Very important, this one: the council tax isn’t a wealth tax. That’s a claim I’ve seen repeated around the place with relative frequency recently, most notably in Polly Toynbee’s Guardian column today. She writes:
Wealth taxes only deliver 5.9% of revenues, mostly in council tax (which often falls on renters, not owners). Inheritance tax brings in just 0.5%, only paid by 3% of estates, halved since Labour unwisely doubled couples’ exemption: it’s the most avoided of all.
As she says, the incidence of council tax falls on the occupier, not the owner. If you have very little wealth but high income, you may rent a Band-H house and end up paying the same council tax as someone with very high wealth and very low income.
In practice, then, council tax is a tax on residency, not on property wealth and certainly not on wealth overall. (Legally, it’s not quite that simple. A lease is still a form of ownership, so it’s not quite the case that non-owners are taxed.)
It may be the case that, at the top end, that doesn’t matter. If we were to introduce the “mansion tax” by adding a new band on top of council tax for properties over £2m, for instance, there would be few renters hit. But even then, there would still be some.
The distinction is important to make, because as the movement for a true mansion tax—or better still, a land value tax—grows, the opposition will try to claim that what we already have is good enough. It isn’t.
The inequalities in property wealth are astronomical. A chart put together by researcher Andy Whightman makes that astoundingly clear. He writes:
This data was obtained from the Office of National Statistics by Faiza Shaheen of the New Economics Foundation and shows the average net property wealth for each 1% of the income distribution. The top 1% of the population has net property wealth of £15,040,000 whilst the bottom 33% has nothing. The top 1% own more net property wealth than the rest of the 99% combined.
But there’s another way the government could take advantage of the discrepancies in property wealth to earn some income, settle the housing market and reduce inequality. Michael Darrington, former CEO of Greggs, writing in the Telegraph today, suggests a £100bn housebuilding programme funded by quantitative easing. But in focusing on the revenue source, he’s missed the most impressive part of his plan, because he also suggests that:
While there are plenty of suitable sites for building already available, a programme on the scale I envisage would clearly require more.
One way to achieve this would be through the compulsory purchase of farmland at a sensible multiple of its agricultural value—say three or four times—which would give farmers a very good profit but not the lottery-winning values currently ascribed to development land.
But rather than the expensive and illiberal procedure of compulsory purchase, there’s a more radical option available. As Darrington implies, land with planning permission is worth more than land without—a lot more. Frequently well over 20 times as much, in fact. And the institution with the power to convert land without planning permission into land with planning permission is the same one trying desperately to build houses.
In other words, an entire housebuilding program could probably be funded on the difference between the purchase price of agricultural land and the sale price of land with planning permission.
Councils could buy up agricultural land, award themselves planning permission, build houses, and sell some off while keeping the rest for social housing.

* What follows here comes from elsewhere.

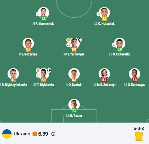 Самую высокую оценку в составе сборной Украины от статистического портала Sofa Score получил Роман Яремчук – 7,2 балла. На втором месте Анатолий Трубин, у которого 7,1. А вот самый низкий балл у Ильи Забарного – 5,7. Лишь немного выше показатель у Александра Караваева – 5,8.
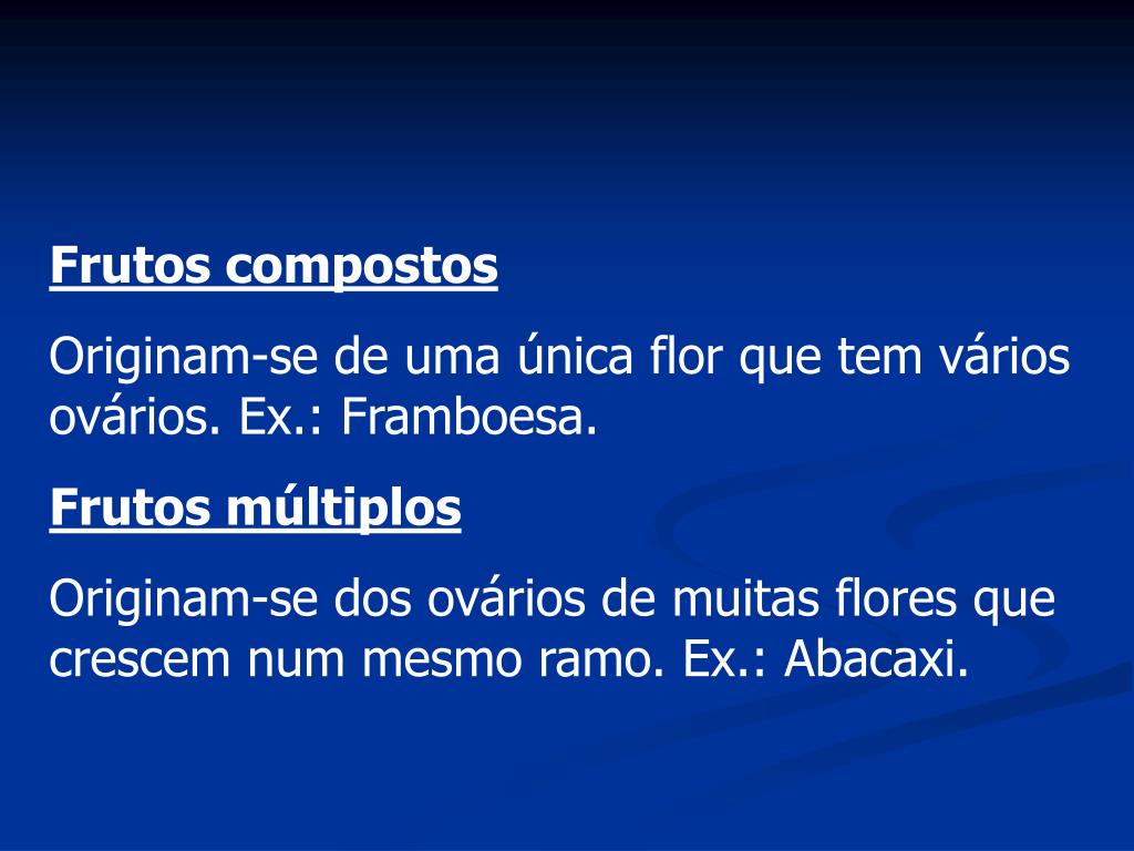 Frutos compostos Originam-se de uma única flor que tem vários ovários. Ex.: Framboesa. Frutos múltiplos Originam-se dos ovários de muitas flores que crescem num mesmo ramo. Ex.: Abacaxi.

In fact, such is demand for land with planning permission, they wouldn’t even need to build them; they could just sell the land without houses, but insist that part of the sale price be that some houses built on the land be used for social housing.
In fact, councils wouldn’t even need to buy the land. They could just grant planning permission with the same requirements on more land than they have been now. Because the real bottleneck is there, and not really with housebuilding at all.